On the other hand, Comanagement in Practice has a couple of shortcomings that diminish its usefulness to impatient readers unfamiliar with the subject matter. The first weakness is the Introduction, which provides the basic definition of comanagement and other fundamentals, such as comparison of property rights, and a brief discussion on decentralization, but all in a chapter that may be glossed over by the reader who habitually jumps to the body text. Moreover, only the last two pages of this first chapter actually give us the overview of the rest of the book’s contents—something which one might expect to be covered by the entire Introduction. I would have personally preferred a separate chapter just for the fundamental definitions and issues, if only to ensure that the reader “starts off on the right foot without missing his shoes.” The second point for improvement is the concluding chapter. “Rethinking Comanagement of Natural Resources: Some Considerations and Future Perspectives” should be rethought indeed, or rather firmed up in terms of the statements it makes about the likely directions of comanagement in the Sierra Madre. Here we read the usual criticisms about DENR’s failures, about the need for specific actions to encourage state support, and the urgency of reducing corruption. A more concrete, even more picturesque, termination might have anchored the book more firmly in its reader’s mind.

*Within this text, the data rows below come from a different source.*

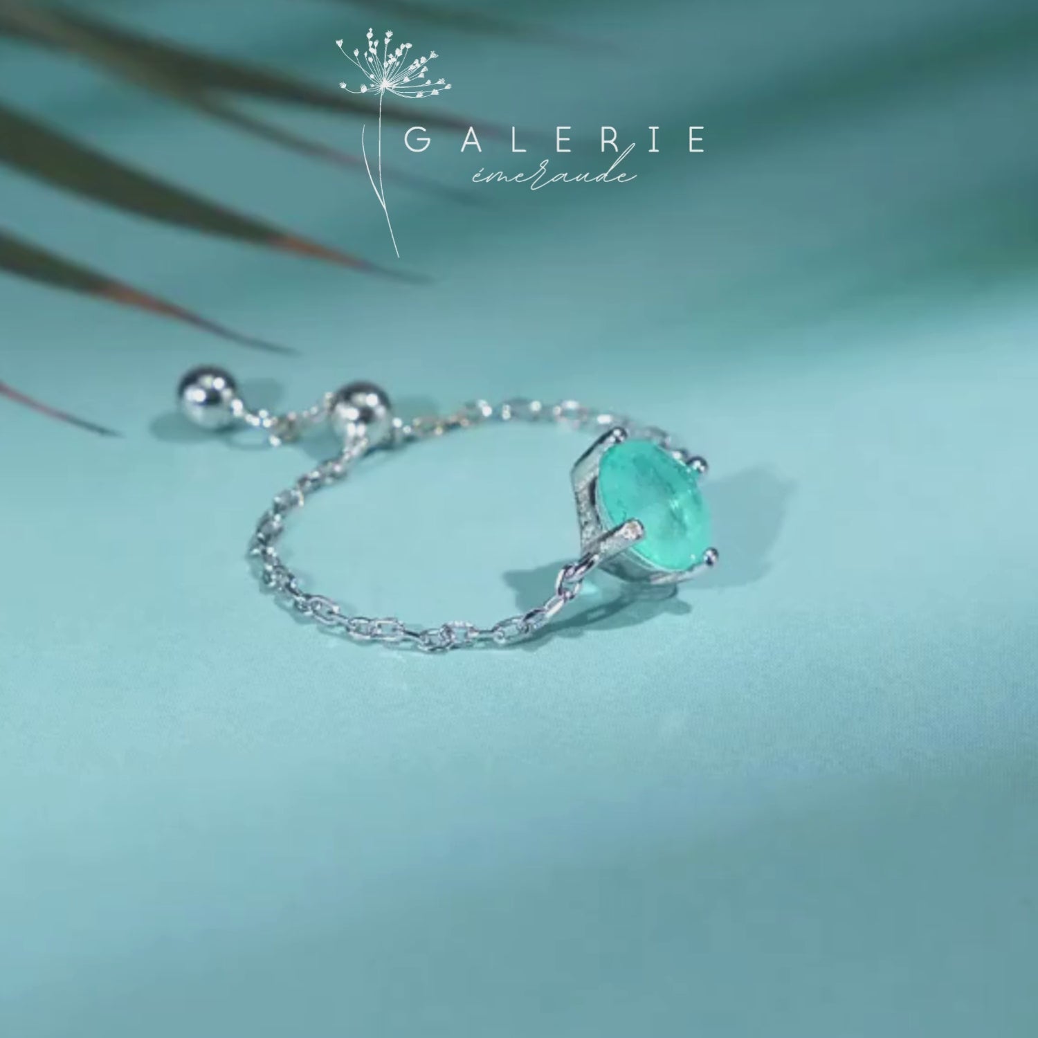 Bague Argent Femme, bague chaîne réglable tourmaline, modèle Alae
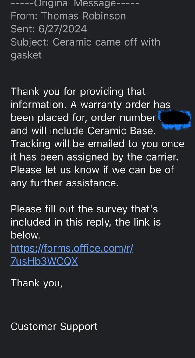 Customer service responded to my email after 3 days. New bottom on the way.by ThankfulReproach Write A CommentYou must be logged in to post a comment.
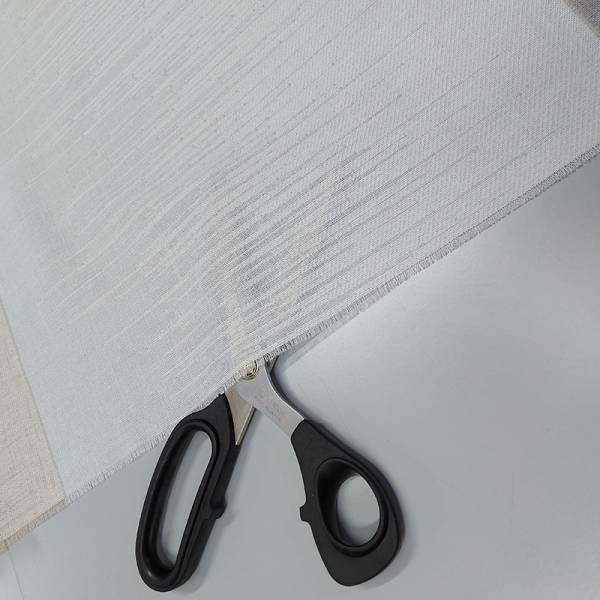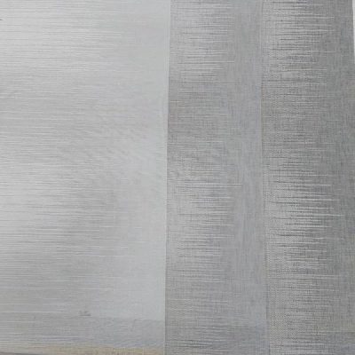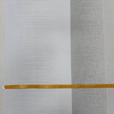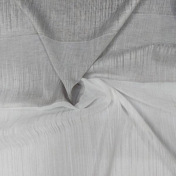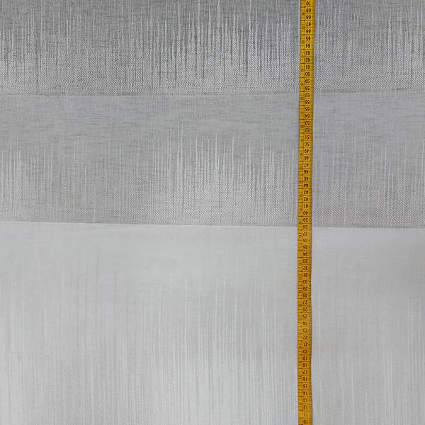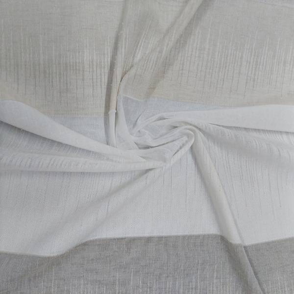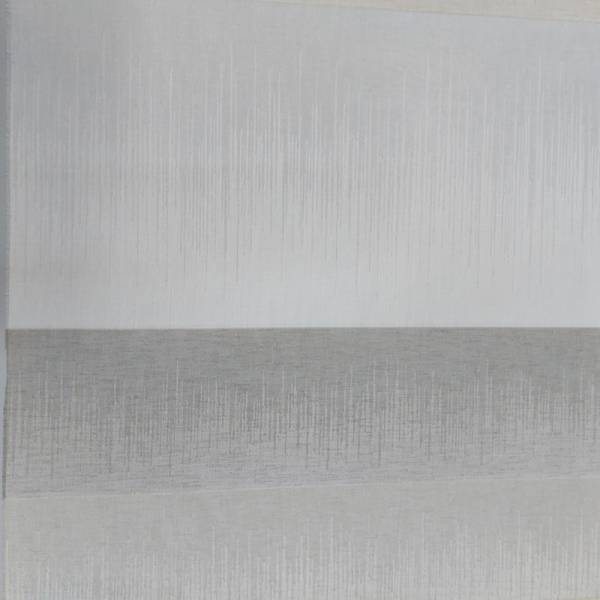 Tenda a righe con tonalità neutre caratterizzata da sfumature ricamate in verticale da rendere un effetto degradè del colore della riga.
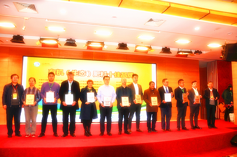 會上,中國農業資源與區劃協會和中國綠色有機聯合會對在生態農業方面做出突出貢獻的企業和個人進行了表彰。山東金沂蒙生態肥業有限公司的生物有機肥以其穩定的產品質量、明顯的使用效果和良好的市場聲譽,成功入圍“有機(生態)肥料品牌10強”,公司總經理馬曉麗代表公司上臺領獎。

On the whole, this book deserves recognition as a well-organized compilation of reports, which assemble a fairly accurate and, therefore, useful description of indigenous peoples’ experience with comanagement in the Northern Sierra Madre. It is a worthy reference material that may even prompt further investigation by the curious reader.—Jose Edgardo Gomez Jr., Instructor, School of Urban and Regional Planning, University of the Philippines-Diliman.